At low temperatures, the compressibility factor z falls below 1 and according to this link: http://www.chemguide.co.uk/physical/kt/realgases.html it is because when the molecules are about to collide with the walls they are pull back by the attractive forces of the other molecules. And so the pressure measured would be lower than the ideal pressure if it were an ideal gas. This effect is even more prominent at lower temperatures because the molecules are moving more slowly on average. Any pull they feel back into the gas will have relatively more effect on a slow moving particle than a faster one.

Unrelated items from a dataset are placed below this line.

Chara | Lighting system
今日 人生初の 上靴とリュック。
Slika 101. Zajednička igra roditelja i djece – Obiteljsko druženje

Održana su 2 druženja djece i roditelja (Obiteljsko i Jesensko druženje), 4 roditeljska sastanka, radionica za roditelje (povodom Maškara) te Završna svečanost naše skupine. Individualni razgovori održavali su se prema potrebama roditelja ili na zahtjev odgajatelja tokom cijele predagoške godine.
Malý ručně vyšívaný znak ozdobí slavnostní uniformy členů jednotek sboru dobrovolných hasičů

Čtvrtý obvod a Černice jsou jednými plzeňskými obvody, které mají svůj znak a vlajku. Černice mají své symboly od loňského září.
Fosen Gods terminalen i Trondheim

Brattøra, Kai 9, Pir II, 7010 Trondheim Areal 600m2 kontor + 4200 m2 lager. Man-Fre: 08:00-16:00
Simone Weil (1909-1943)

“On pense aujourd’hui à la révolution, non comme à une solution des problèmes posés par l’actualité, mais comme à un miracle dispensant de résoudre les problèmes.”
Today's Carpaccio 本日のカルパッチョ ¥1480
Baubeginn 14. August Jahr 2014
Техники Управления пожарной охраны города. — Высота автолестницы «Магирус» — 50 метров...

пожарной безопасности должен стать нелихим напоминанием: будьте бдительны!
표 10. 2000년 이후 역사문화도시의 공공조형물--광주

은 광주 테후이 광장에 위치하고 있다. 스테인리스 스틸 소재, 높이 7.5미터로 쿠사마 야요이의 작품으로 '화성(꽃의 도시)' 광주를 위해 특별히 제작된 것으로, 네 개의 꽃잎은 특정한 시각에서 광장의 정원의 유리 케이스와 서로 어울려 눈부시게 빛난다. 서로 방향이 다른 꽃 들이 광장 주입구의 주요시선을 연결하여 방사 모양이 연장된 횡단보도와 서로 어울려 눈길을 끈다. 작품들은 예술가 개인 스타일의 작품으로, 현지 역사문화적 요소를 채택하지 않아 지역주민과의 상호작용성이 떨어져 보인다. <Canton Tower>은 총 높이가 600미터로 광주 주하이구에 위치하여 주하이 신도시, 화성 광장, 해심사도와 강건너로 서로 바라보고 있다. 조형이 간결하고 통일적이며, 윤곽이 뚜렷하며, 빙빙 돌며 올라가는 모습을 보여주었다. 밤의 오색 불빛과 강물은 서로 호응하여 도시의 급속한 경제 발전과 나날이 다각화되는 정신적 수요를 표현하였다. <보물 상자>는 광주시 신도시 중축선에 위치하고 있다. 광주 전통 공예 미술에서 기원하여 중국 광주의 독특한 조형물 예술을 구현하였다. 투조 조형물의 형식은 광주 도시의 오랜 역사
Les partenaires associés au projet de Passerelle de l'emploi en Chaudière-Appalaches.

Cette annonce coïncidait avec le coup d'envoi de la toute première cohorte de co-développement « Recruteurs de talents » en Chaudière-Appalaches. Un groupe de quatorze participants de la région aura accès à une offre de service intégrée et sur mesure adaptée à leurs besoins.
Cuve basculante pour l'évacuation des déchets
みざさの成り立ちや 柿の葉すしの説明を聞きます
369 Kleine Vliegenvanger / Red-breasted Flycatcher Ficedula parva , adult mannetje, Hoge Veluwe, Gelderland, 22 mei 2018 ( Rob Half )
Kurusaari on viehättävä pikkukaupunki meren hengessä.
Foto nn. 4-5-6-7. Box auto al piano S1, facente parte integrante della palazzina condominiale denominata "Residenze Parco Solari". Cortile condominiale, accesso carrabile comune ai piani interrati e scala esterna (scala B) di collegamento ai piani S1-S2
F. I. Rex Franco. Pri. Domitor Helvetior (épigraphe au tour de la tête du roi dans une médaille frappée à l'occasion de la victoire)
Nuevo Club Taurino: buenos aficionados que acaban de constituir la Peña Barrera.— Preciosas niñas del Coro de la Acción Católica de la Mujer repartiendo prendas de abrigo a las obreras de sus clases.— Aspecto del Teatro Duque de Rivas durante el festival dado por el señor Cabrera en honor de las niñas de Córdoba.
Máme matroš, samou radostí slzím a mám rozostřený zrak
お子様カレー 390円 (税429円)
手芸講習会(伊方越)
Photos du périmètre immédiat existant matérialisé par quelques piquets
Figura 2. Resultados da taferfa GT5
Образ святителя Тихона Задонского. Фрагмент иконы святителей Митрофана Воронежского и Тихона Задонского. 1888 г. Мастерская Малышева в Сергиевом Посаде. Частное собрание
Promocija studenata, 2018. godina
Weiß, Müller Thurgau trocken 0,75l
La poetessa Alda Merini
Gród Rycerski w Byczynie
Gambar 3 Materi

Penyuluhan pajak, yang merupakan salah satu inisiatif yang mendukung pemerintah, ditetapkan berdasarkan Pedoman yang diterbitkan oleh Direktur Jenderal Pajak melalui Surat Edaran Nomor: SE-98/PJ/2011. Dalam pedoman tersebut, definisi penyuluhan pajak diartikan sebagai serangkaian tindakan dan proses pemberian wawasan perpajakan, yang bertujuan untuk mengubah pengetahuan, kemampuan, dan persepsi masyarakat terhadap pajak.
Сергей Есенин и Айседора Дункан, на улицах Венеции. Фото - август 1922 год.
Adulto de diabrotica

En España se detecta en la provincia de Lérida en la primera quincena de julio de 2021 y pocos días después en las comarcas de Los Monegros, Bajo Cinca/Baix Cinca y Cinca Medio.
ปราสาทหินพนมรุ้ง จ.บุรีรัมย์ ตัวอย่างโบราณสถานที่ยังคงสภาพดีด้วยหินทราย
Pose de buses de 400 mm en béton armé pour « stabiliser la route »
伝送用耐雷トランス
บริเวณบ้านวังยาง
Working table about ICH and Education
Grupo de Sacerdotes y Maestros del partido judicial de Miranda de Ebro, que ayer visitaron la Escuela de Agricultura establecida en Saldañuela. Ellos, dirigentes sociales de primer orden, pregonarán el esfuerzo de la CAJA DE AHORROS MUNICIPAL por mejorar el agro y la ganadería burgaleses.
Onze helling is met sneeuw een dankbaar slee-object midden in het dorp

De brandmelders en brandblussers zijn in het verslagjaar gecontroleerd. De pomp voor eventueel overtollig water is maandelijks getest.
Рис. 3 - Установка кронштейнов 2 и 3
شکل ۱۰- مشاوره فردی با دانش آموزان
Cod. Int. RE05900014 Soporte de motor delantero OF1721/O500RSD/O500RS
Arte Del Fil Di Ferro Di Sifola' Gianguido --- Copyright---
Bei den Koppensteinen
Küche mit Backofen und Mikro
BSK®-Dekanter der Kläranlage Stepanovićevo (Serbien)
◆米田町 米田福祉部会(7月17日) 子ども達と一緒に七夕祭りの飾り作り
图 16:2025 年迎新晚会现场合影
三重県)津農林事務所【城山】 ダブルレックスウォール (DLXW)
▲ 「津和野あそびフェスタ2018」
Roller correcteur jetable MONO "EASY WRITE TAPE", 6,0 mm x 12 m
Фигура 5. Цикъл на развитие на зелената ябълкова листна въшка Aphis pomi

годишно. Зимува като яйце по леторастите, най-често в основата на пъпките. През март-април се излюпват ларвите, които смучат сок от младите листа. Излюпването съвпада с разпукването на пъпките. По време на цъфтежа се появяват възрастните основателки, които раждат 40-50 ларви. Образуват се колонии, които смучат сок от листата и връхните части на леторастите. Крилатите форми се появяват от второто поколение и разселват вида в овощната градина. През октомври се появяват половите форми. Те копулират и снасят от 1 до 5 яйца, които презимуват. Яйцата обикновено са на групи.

So when i was trying to relate this to the van der Waals equation, initially I thought that P(ideal)=P(real)+a(n/v)2 so the actual pressure we measure is the P(real) and so P(real)=P(ideal)-a(n/v)2 which causes the P(real) to be lesser and hence when we substitute it into the compressibility factor formula (PV/nRT) since P(real)<P(ideal) the z will fall below 1.

But after going through that again I realised that that did not make much sense because the a(n/v)2 term does not contain any variable that changes with temperature. So at any temperature the same substraction of the a(n/v)2 would occur so it could not be the reason why the P(real) is lesser than P(ideal) causing the z to fall below 1. 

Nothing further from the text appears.